WARNING: This function modifies the provided dictionary in-place.
This function sets up an asynchronous monitoring system that periodically checks for the existence of specified files or groups of files. Each item in the provided dictionary can be a single file (Path object) or a group of files (tuple of Path objects). The progress is updated for each file or group of files only when all files in the group exist. This allows tracking of complex file creation processes where multiple files together constitute a single unit of work.
The tracking occurs at regular intervals, specified by the user, and updates individual and, if applicable, total progress bars to reflect the current state of file creation. It is particularly useful in environments where files are expected to be created over time and need to be monitored collectively.
- Parameters:
paths_dict (dict[str, set[Union[Path, Tuple[Path, ...]]]]) – A dictionary with keys representing categories and values being sets of file paths (Path objects) or groups of file paths (tuples of Path objects) to monitor.

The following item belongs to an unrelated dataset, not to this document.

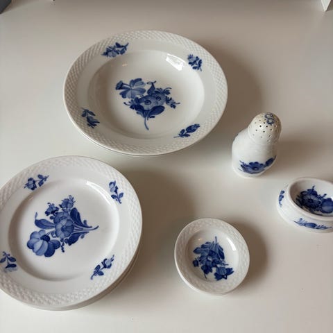 Royal Copenhagen Stel service med blå blomsterdekor. Servicedelene består af tallerkener, skåle, kopper og fade i porcelæn med klassisk blå blomstermønster. Velegnet til daglig brug eller til servering ved særlige lejligheder.

interval (int) – The time interval (in seconds) at which the progress is updated.
- Returns:
The asyncio Task object that is tracking the file creation progress.
- Return type:
Examples
>>> paths_dict = { "docs": {Path("docs/environment.yml"), (Path("doc1.md"), Path("doc2.md"))}, "example2": {Path("/path/to/file3"), Path("/path/to/file4")}, } >>> task = track_file_creation_progress(paths_dict)